Linkerd has two layers. The control plane (destination, identity, proxy-injector) runs in the linkerd namespace. The data plane is linkerd2-proxy, a purpose-built Rust proxy injected as a sidecar next to each application container.

The design choices that matter operationally:

Concern Linkerd Typical Envoy mesh
Data plane Rust micro-proxy, ~10-20Mi/pod Envoy, ~50-100Mi/pod
Config surface Opinionated, few knobs xDS, near-infinite knobs
mTLS On by default, zero config Opt-in policy, PeerAuthentication
Extensibility Intentionally limited Lua / WASM / ext_authz
Identity Per-workload cert from identity service Per-workload SPIFFE

The identity component is a CA that issues short-lived (24h default) leaf certs to each proxy, keyed to the pod’s Kubernetes ServiceAccount; proxies rotate them automatically. Because identity is bootstrapped from the ServiceAccount token, mTLS is on the moment a pod is meshed — there is no separate “turn on mTLS” step like Istio’s PeerAuthentication. The secure default is the only default, and that is the single biggest reason teams reach for Linkerd.

Mental model: the trust anchor (root CA) is long-lived and you guard it like a crown jewel. The issuer (intermediate CA) is what actually signs proxy certs, lives in a Kubernetes Secret, and you rotate it on a schedule. Leaf certs are ephemeral and you never touch them.

2. Install with a custom trust anchor

Never run a production mesh on the auto-generated certs from linkerd install with no arguments — they expire in a year and you cannot rotate the issuer independently of the anchor. Generate your own with the step CLI.
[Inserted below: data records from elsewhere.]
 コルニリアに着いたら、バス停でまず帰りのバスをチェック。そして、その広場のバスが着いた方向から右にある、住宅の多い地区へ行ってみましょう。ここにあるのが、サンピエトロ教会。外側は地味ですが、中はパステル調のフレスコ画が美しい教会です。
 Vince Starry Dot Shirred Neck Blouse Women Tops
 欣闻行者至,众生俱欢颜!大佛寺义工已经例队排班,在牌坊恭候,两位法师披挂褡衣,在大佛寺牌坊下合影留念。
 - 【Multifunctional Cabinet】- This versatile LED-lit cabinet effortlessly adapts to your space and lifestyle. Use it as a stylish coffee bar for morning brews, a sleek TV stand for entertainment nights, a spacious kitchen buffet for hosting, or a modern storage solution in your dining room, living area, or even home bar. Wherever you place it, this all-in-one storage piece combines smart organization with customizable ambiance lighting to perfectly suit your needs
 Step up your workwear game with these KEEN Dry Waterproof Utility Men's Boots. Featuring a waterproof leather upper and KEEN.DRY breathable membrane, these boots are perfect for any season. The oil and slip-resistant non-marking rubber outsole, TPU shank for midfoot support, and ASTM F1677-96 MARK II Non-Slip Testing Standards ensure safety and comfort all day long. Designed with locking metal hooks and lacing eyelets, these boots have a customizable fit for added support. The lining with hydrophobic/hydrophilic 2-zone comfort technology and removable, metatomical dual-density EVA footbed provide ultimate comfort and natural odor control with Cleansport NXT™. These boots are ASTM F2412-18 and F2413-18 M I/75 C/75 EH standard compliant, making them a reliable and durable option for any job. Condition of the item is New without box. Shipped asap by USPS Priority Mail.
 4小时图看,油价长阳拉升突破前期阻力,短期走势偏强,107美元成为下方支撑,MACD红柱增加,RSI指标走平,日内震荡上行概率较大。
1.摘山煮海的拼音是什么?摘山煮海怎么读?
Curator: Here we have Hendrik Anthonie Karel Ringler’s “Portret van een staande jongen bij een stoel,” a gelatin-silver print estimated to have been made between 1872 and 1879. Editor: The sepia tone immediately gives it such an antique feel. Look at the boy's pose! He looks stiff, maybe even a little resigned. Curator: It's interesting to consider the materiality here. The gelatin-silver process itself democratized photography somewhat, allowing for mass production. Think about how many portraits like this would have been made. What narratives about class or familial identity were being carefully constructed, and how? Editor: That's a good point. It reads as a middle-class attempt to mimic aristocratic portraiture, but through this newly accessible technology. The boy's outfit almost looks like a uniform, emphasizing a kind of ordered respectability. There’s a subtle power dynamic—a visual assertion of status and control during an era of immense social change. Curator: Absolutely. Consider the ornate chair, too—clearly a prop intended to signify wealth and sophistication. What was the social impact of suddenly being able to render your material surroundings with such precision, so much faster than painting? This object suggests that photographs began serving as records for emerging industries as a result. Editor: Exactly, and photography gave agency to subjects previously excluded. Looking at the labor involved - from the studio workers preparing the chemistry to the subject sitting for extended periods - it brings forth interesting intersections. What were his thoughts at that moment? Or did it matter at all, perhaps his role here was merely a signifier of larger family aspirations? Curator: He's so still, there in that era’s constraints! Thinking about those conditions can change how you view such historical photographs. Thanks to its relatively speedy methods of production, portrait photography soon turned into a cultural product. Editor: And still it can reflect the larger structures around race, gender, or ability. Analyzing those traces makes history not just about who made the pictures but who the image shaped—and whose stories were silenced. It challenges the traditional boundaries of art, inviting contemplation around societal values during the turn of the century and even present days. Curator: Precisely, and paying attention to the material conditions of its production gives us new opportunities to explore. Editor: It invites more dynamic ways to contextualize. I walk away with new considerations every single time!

# Long-lived root (trust anchor) — 10 years, kept OFFLINE after this
step certificate create root.linkerd.cluster.local ca.crt ca.key \
  --profile root-ca --no-password --insecure --not-after=87600h

# Issuer (intermediate) — 1 year, signed by the root
step certificate create identity.linkerd.cluster.local issuer.crt issuer.key \
  --profile intermediate-ca --not-after=8760h --no-password --insecure \
  --ca ca.crt --ca-key ca.key

Install the CRDs first, then the control plane wired to those certs:

linkerd install --crds | kubectl apply -f -

linkerd install \
  --identity-trust-anchors-file ca.crt \
  --identity-issuer-certificate-file issuer.crt \
  --identity-issuer-key-file issuer.key \
  | kubectl apply -f -

linkerd check

For GitOps, prefer Helm so the chart owns the lifecycle:

helm install linkerd-crds linkerd/linkerd-crds -n linkerd --create-namespace

helm install linkerd-control-plane -n linkerd \
  --set-file identityTrustAnchorsPEM=ca.crt \
  --set-file identity.issuer.tls.crtPEM=issuer.crt \
  --set-file identity.issuer.tls.keyPEM=issuer.key \
  linkerd/linkerd-control-plane

Rotating the issuer

The issuer is the cert you rotate routinely. Because every proxy already trusts the root, swapping the intermediate is non-disruptive — you do not need to bundle anything.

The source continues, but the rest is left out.